As seen in Figure 11b, the T_g for the PS prior to the addition of carbon nanowires may be positioned at 105 °C (main transition), or perhaps slightly lower, to a relatively satisfactory agreement with the literature [38]. In parallel, the addition of CNWs seems to decrease the glass transition temperature by ~3 °C, at least if we accept that differences in temperatures of the maximum tanδ reflect differences in the T_g value (Table 2). In this case, one usually resorts to interpret the alleged lowering the Tg, in reference to the Tg dependence on the molecular weight of the chains (which herein may be reduced, for obscure reasons, by the presence of nanowires) and the possible presence of small molecule impurities [39]. However, in the present case, it is preferable to avoid referring to a hypothetical specific reason of “lowering of the Tg” because the temperature difference of 3 °C (Table 2), combined with the much higher peak tanδ range, allows for a variety of interpretations of chain relaxation and T_g.

4. Conclusions

Novel carbon nanowires were synthesized via hard template method and display unique prototype features with worm like structure and diameter smaller than 5 nm. New polystyrene nanocomposites based on the novel carbon nanowires were synthesized with three different nano-additive loadings (1%, 3%, and 5%).

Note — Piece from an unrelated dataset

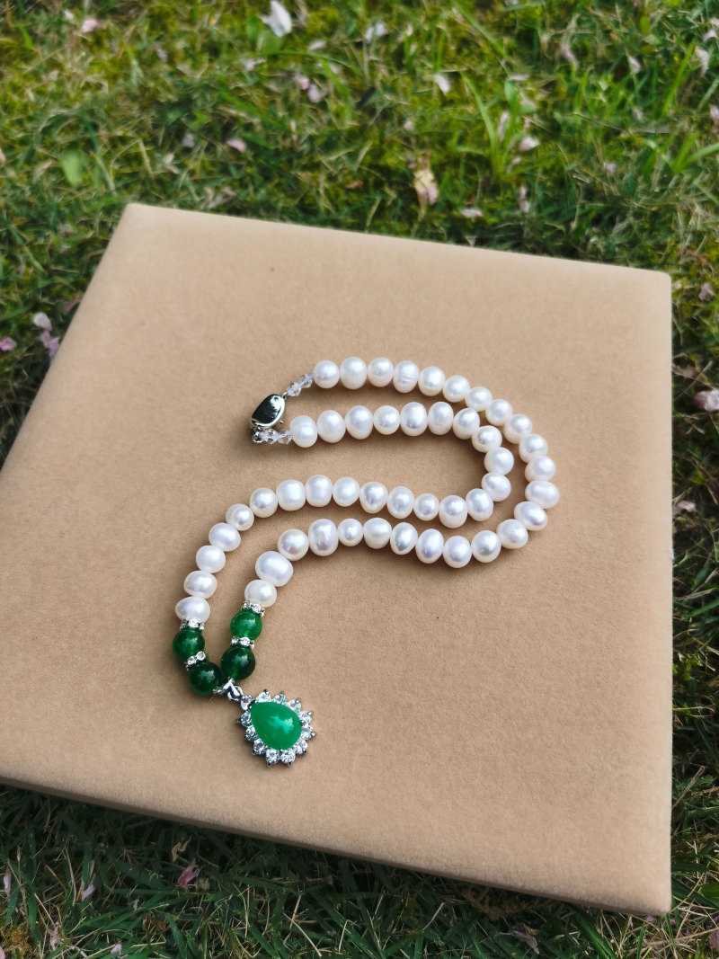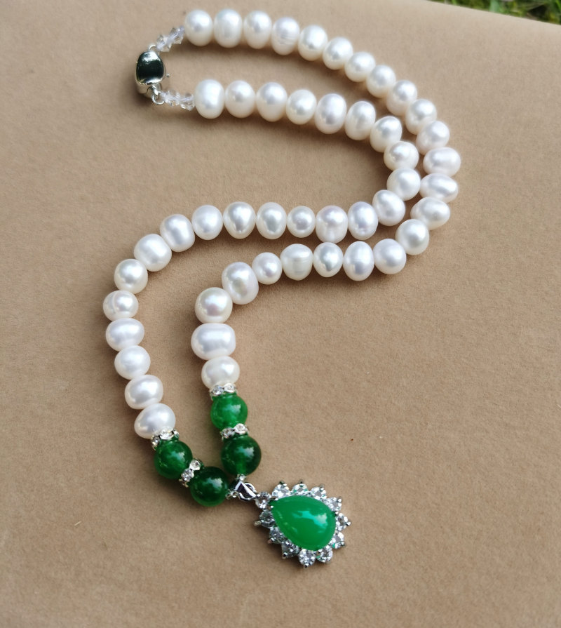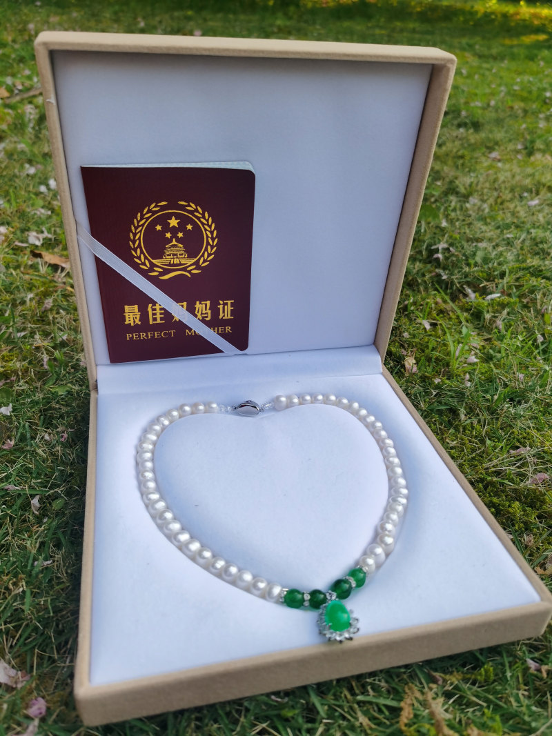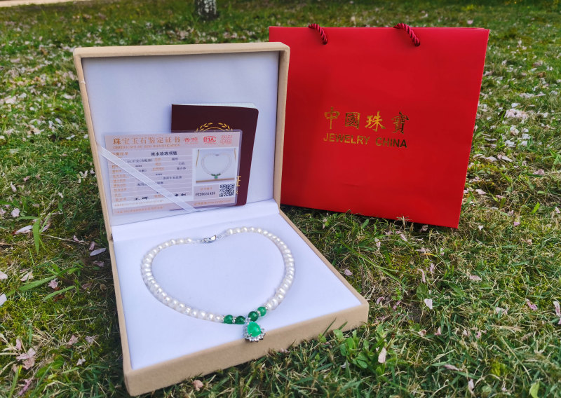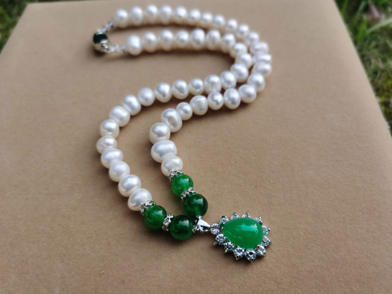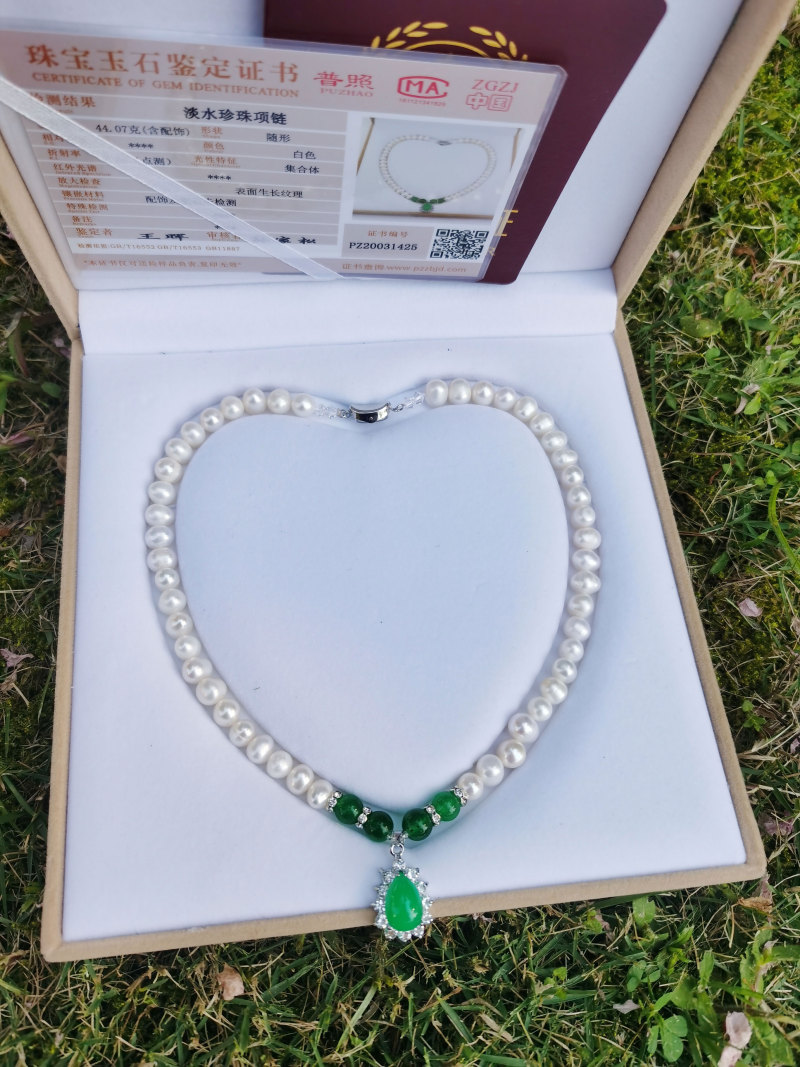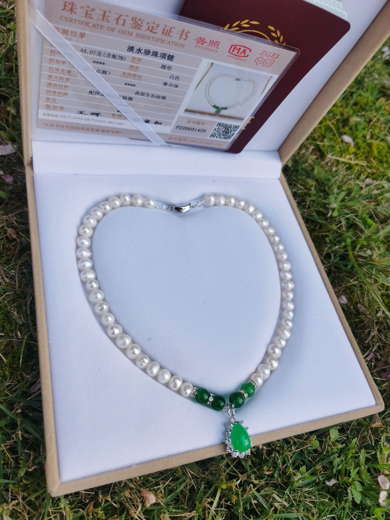 天然淡水珍加绿玉项链套装母亲节商场金店活动促销送妈妈

The nanocomposites have slightly lower thermal stability (~10 °C) than the neat-PS and gradually improved while increasing of CNWs loading until 3 wt%. The best mechanical properties were observed for the nanocomposite with 3 wt% loading CNWs, while for the 5 wt% nanocomposite was difficult to achieve satisfactory dispersion of carbon nanowires and consequently have a wide range of values.